[Dataset items]
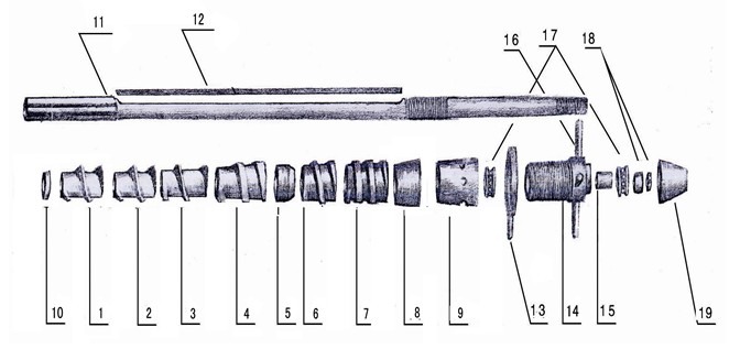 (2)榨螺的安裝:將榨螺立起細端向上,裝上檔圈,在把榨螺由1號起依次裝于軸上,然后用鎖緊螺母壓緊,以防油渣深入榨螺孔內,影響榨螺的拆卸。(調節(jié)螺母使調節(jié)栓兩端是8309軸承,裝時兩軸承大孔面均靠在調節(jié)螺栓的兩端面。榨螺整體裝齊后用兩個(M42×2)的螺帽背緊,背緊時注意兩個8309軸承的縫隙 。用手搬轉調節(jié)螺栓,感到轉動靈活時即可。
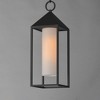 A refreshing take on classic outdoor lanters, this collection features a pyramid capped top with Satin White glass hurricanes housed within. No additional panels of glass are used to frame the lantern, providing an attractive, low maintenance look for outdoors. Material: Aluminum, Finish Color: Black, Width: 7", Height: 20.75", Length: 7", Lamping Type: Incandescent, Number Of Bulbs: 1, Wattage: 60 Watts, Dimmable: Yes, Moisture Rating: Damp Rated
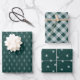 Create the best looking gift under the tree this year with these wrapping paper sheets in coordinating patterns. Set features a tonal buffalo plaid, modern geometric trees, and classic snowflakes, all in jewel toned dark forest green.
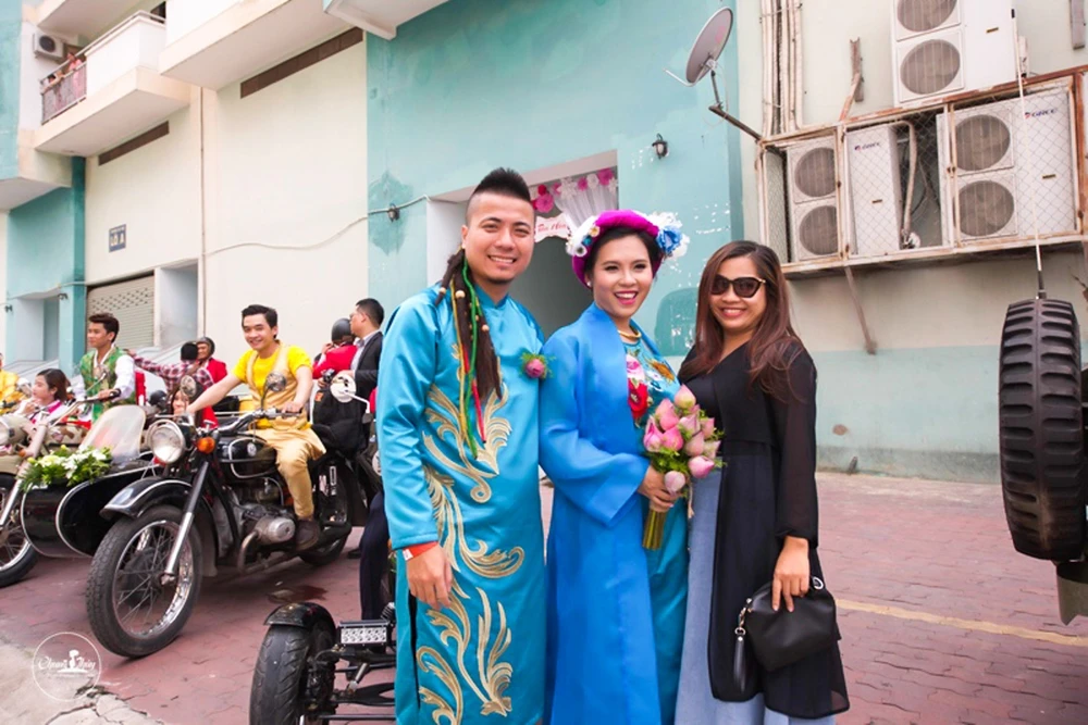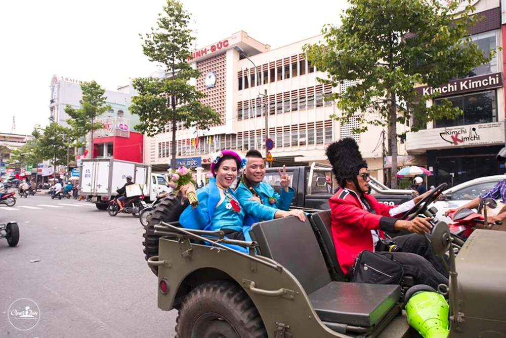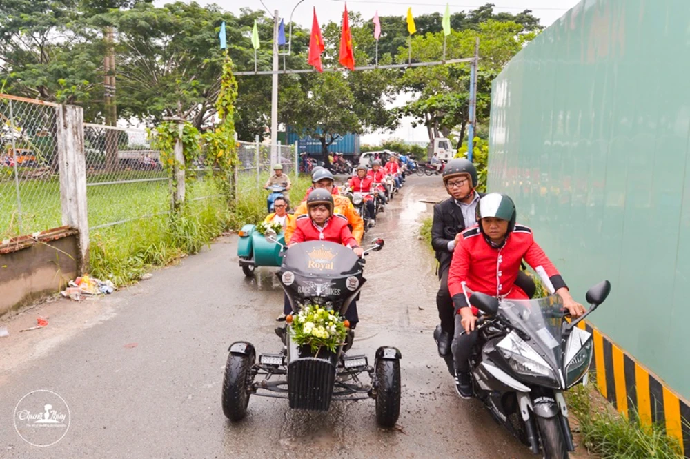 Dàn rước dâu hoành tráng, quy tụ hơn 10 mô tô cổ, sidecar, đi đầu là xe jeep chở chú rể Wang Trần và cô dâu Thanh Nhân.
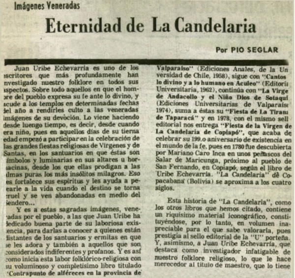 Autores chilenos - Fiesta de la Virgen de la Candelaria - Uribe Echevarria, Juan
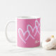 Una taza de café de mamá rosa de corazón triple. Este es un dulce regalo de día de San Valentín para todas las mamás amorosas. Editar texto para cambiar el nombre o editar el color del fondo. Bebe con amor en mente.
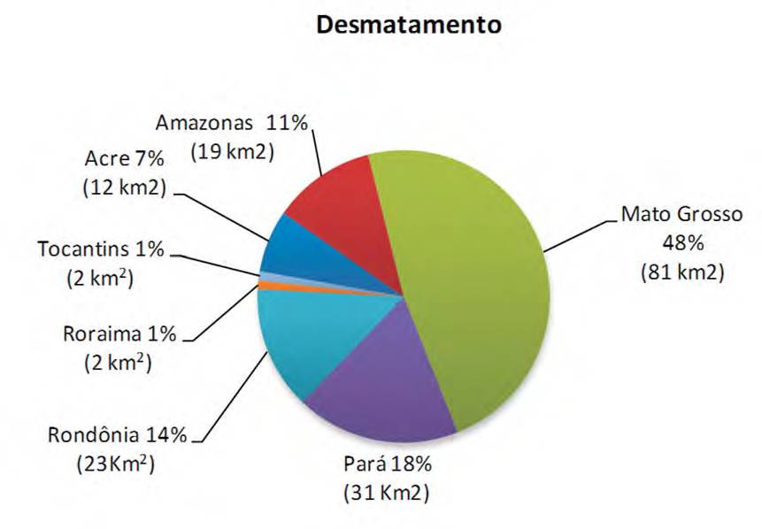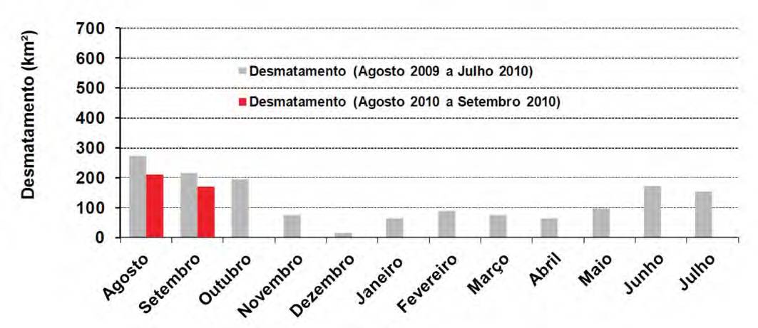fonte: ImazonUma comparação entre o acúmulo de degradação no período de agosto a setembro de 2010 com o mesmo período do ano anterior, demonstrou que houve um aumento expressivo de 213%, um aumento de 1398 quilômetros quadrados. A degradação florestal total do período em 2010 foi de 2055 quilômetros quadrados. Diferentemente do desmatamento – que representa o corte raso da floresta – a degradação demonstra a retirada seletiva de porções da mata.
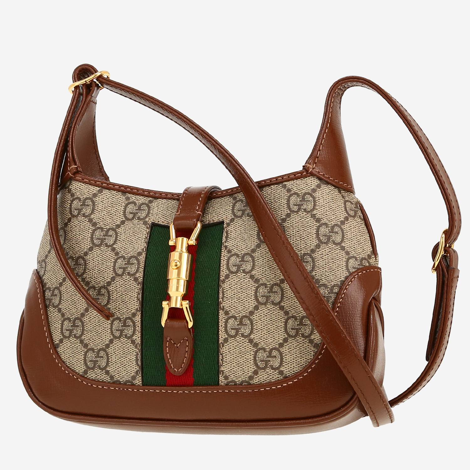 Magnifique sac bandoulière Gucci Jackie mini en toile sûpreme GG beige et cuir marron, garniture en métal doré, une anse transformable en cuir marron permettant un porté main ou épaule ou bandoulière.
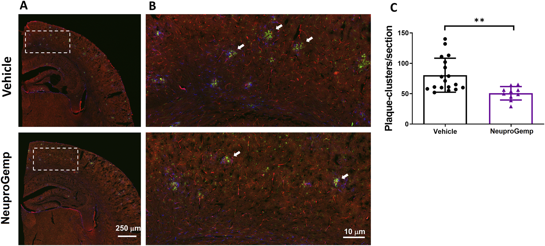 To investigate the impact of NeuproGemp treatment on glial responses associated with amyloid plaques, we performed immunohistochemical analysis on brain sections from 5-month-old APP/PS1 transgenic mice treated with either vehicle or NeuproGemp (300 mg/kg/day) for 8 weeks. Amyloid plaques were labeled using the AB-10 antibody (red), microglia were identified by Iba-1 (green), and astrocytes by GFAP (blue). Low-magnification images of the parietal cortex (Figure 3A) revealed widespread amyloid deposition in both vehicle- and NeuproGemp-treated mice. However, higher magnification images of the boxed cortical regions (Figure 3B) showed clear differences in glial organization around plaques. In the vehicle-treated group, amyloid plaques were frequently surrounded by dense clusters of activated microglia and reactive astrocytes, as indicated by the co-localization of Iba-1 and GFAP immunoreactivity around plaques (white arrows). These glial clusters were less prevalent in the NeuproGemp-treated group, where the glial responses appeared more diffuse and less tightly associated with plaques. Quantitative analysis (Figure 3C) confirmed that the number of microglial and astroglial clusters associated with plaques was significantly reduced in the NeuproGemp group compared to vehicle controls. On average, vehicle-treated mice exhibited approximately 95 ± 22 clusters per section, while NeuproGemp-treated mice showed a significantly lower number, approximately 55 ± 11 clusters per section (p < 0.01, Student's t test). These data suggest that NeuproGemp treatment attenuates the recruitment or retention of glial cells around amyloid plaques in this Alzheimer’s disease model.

> _PROBLEM_
Working from the entries above, please transcribe only the lines from the line with "A refreshing take" through the line with "Magnifique sac bandoulière", exactly, with both end lines and without pictures.

> _TASK SOLUTION_
 A refreshing take on classic outdoor lanters, this collection features a pyramid capped top with Satin White glass hurricanes housed within. No additional panels of glass are used to frame the lantern, providing an attractive, low maintenance look for outdoors. Material: Aluminum, Finish Color: Black, Width: 7", Height: 20.75", Length: 7", Lamping Type: Incandescent, Number Of Bulbs: 1, Wattage: 60 Watts, Dimmable: Yes, Moisture Rating: Damp Rated
 Create the best looking gift under the tree this year with these wrapping paper sheets in coordinating patterns. Set features a tonal buffalo plaid, modern geometric trees, and classic snowflakes, all in jewel toned dark forest green.
 Dàn rước dâu hoành tráng, quy tụ hơn 10 mô tô cổ, sidecar, đi đầu là xe jeep chở chú rể Wang Trần và cô dâu Thanh Nhân.
 Autores chilenos - Fiesta de la Virgen de la Candelaria - Uribe Echevarria, Juan
 Una taza de café de mamá rosa de corazón triple. Este es un dulce regalo de día de San Valentín para todas las mamás amorosas. Editar texto para cambiar el nombre o editar el color del fondo. Bebe con amor en mente.
fonte: ImazonUma comparação entre o acúmulo de degradação no período de agosto a setembro de 2010 com o mesmo período do ano anterior, demonstrou que houve um aumento expressivo de 213%, um aumento de 1398 quilômetros quadrados. A degradação florestal total do período em 2010 foi de 2055 quilômetros quadrados. Diferentemente do desmatamento – que representa o corte raso da floresta – a degradação demonstra a retirada seletiva de porções da mata.
 Magnifique sac bandoulière Gucci Jackie mini en toile sûpreme GG beige et cuir marron, garniture en métal doré, une anse transformable en cuir marron permettant un porté main ou épaule ou bandoulière.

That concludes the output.